Available data.
=== Begin Enclosure ===

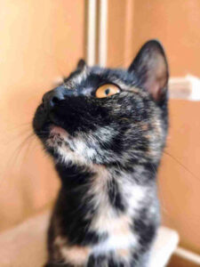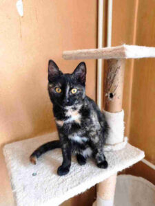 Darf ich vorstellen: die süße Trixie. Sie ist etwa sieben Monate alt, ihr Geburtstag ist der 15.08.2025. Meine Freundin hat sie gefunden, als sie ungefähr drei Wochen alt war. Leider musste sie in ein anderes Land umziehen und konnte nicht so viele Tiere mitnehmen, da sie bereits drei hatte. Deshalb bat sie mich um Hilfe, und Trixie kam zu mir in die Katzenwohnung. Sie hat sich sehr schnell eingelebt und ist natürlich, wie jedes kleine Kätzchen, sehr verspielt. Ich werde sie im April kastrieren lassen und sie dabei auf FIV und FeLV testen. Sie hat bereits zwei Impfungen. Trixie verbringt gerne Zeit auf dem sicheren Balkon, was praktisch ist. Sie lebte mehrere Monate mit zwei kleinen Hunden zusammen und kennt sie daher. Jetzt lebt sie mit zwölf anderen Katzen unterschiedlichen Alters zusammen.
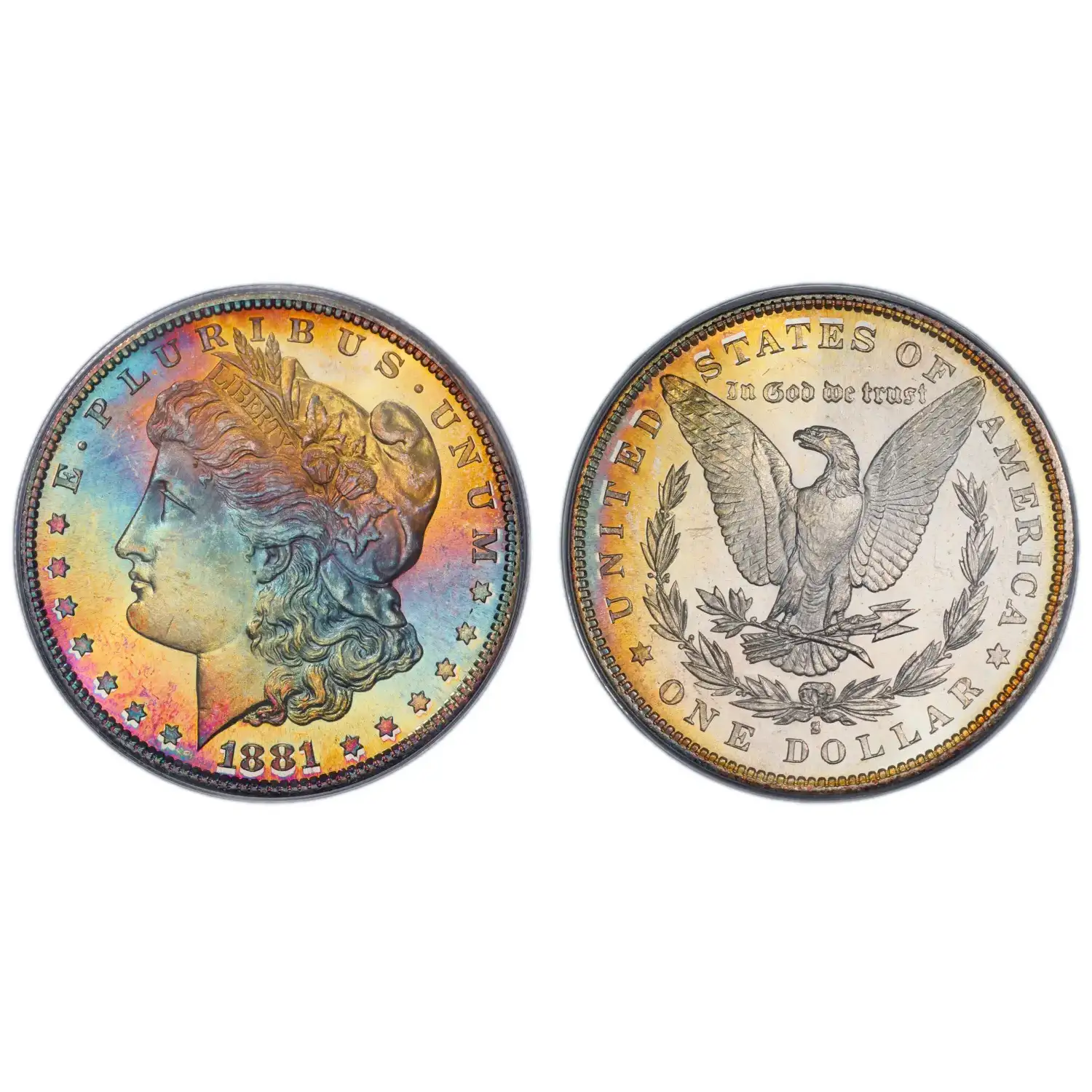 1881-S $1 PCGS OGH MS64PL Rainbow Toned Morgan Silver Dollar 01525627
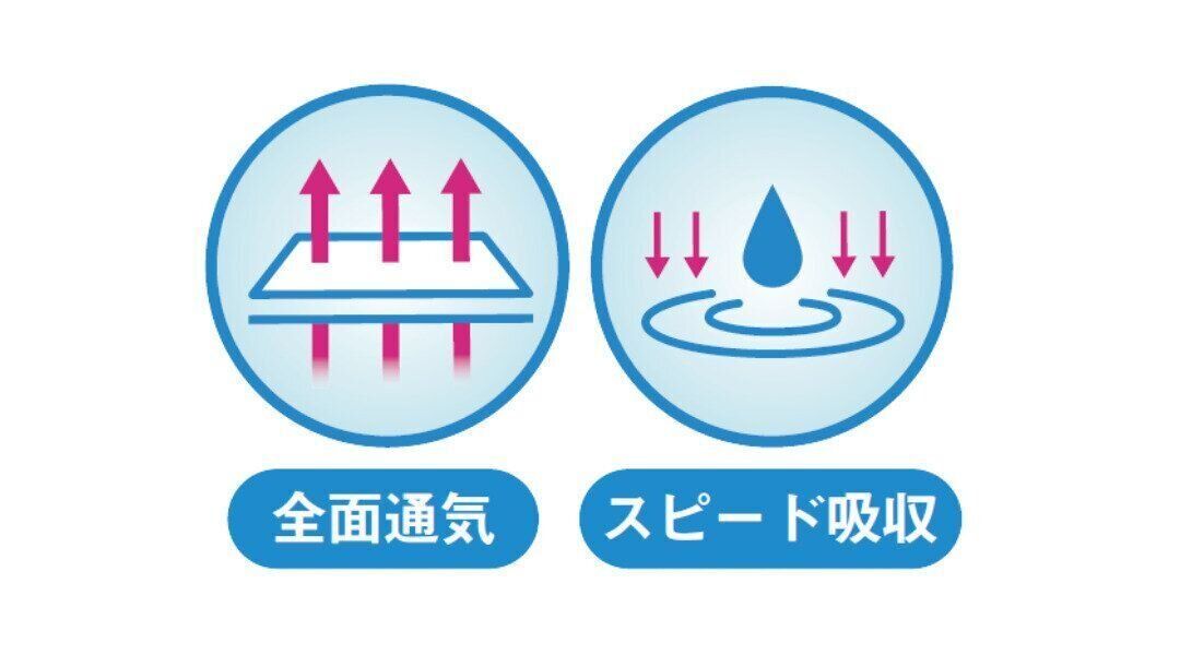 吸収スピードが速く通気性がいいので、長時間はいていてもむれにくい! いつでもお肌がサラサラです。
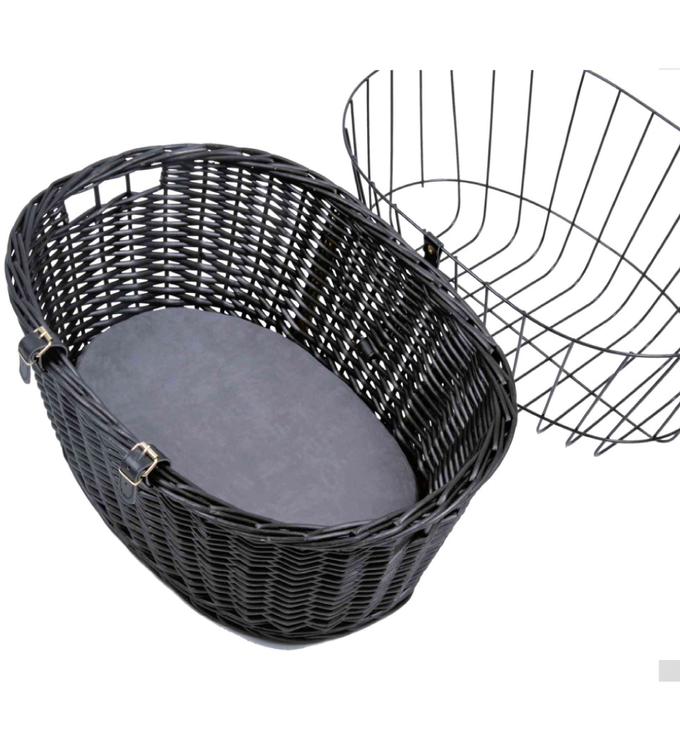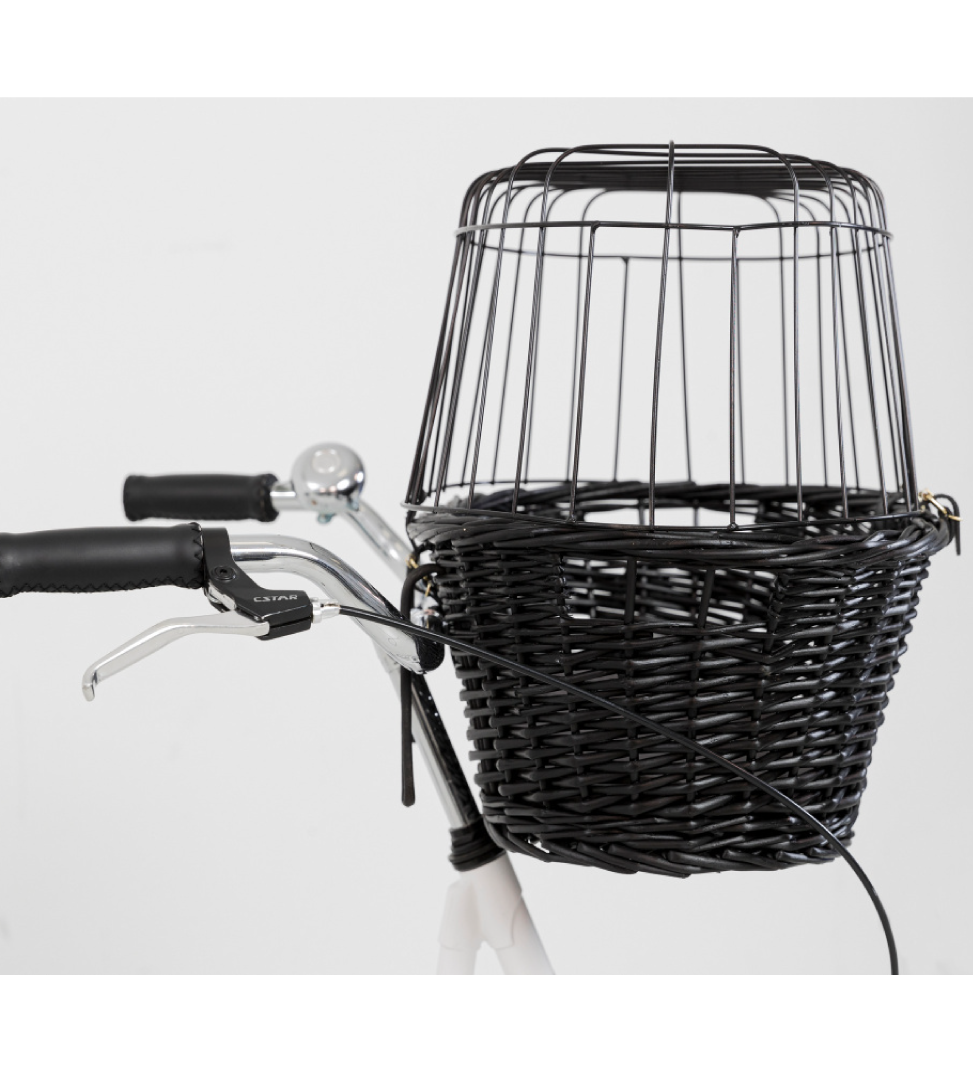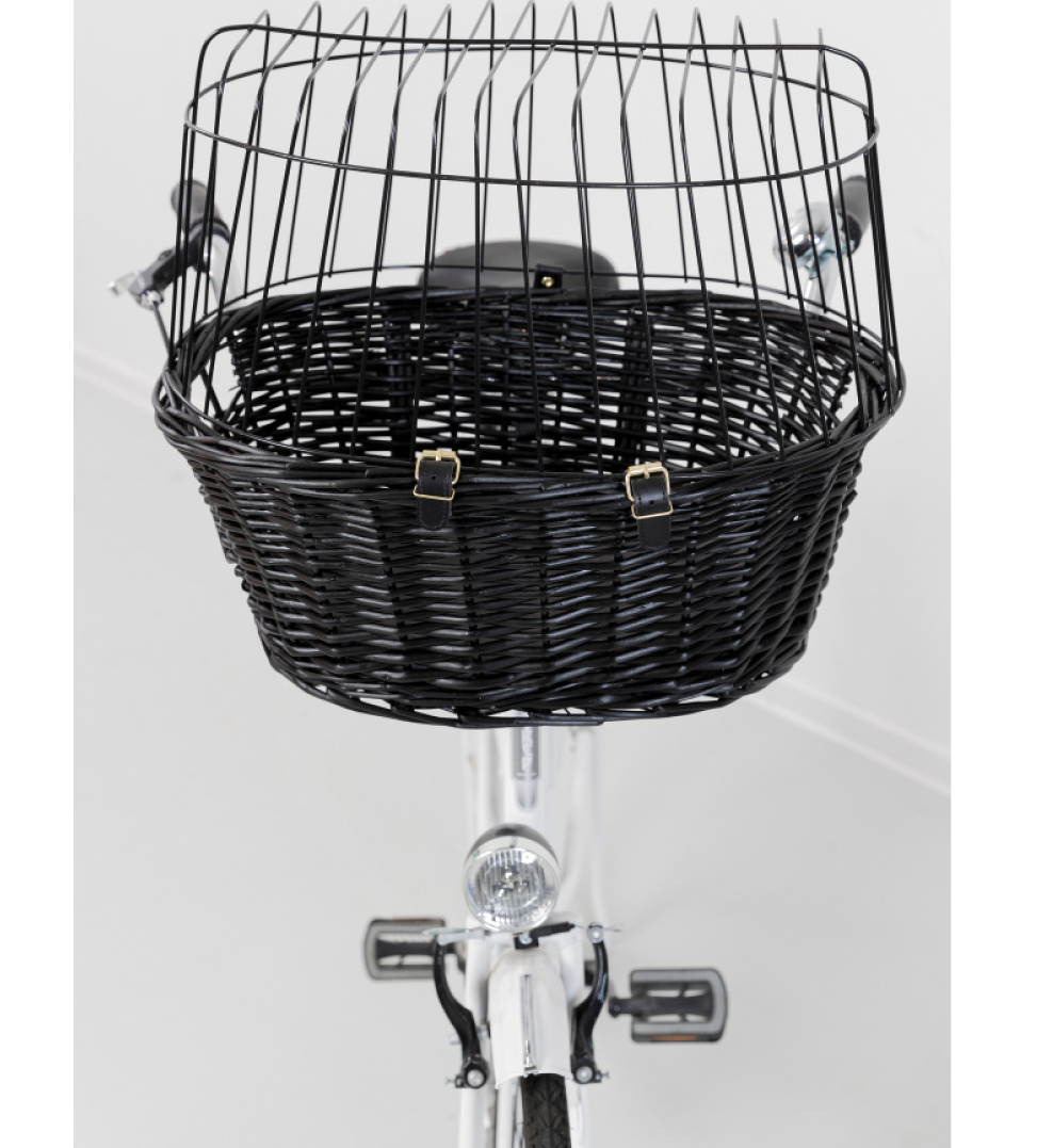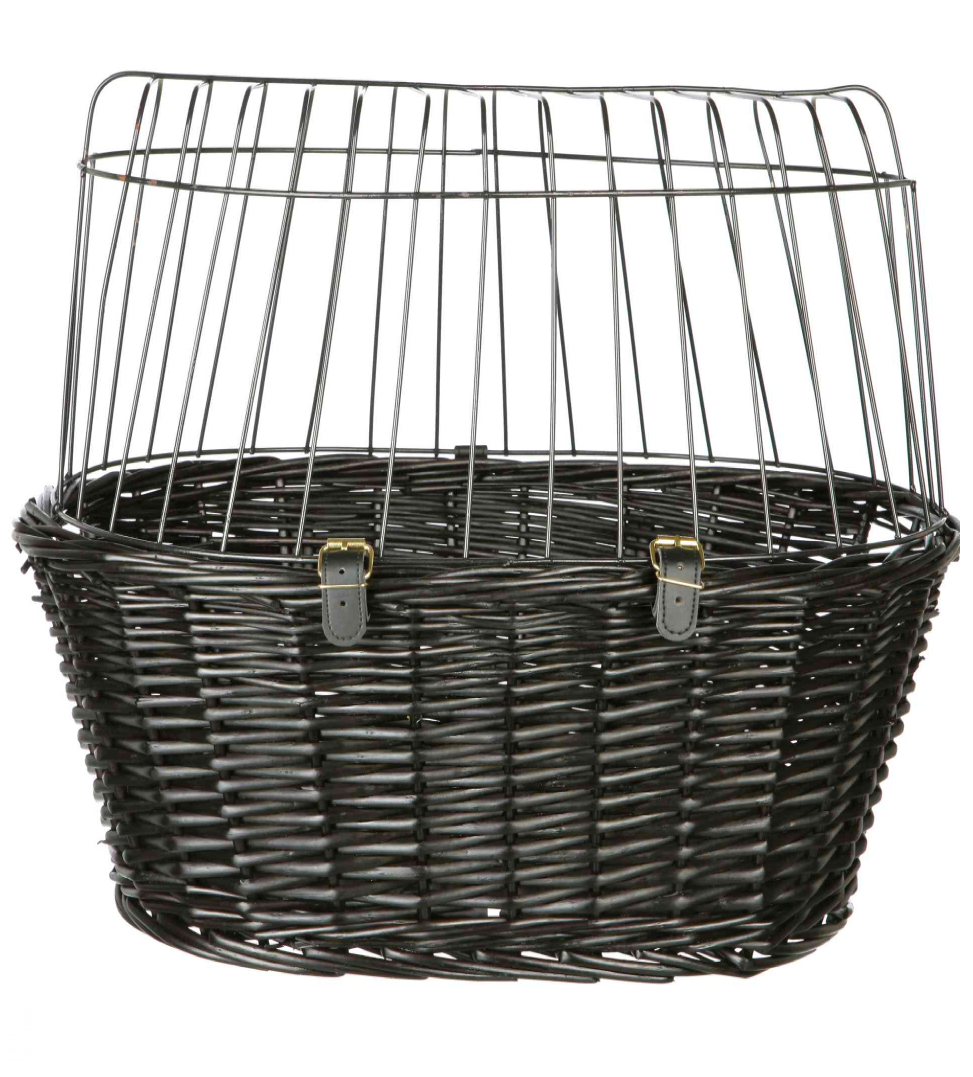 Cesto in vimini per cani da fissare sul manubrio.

=== End Enclosure ===

Task directions.
Retype the full listing above precisely. Exclude each picture you find in it.

Solution to this exercise.
 Darf ich vorstellen: die süße Trixie. Sie ist etwa sieben Monate alt, ihr Geburtstag ist der 15.08.2025. Meine Freundin hat sie gefunden, als sie ungefähr drei Wochen alt war. Leider musste sie in ein anderes Land umziehen und konnte nicht so viele Tiere mitnehmen, da sie bereits drei hatte. Deshalb bat sie mich um Hilfe, und Trixie kam zu mir in die Katzenwohnung. Sie hat sich sehr schnell eingelebt und ist natürlich, wie jedes kleine Kätzchen, sehr verspielt. Ich werde sie im April kastrieren lassen und sie dabei auf FIV und FeLV testen. Sie hat bereits zwei Impfungen. Trixie verbringt gerne Zeit auf dem sicheren Balkon, was praktisch ist. Sie lebte mehrere Monate mit zwei kleinen Hunden zusammen und kennt sie daher. Jetzt lebt sie mit zwölf anderen Katzen unterschiedlichen Alters zusammen.
 1881-S $1 PCGS OGH MS64PL Rainbow Toned Morgan Silver Dollar 01525627
 吸収スピードが速く通気性がいいので、長時間はいていてもむれにくい! いつでもお肌がサラサラです。
 Cesto in vimini per cani da fissare sul manubrio.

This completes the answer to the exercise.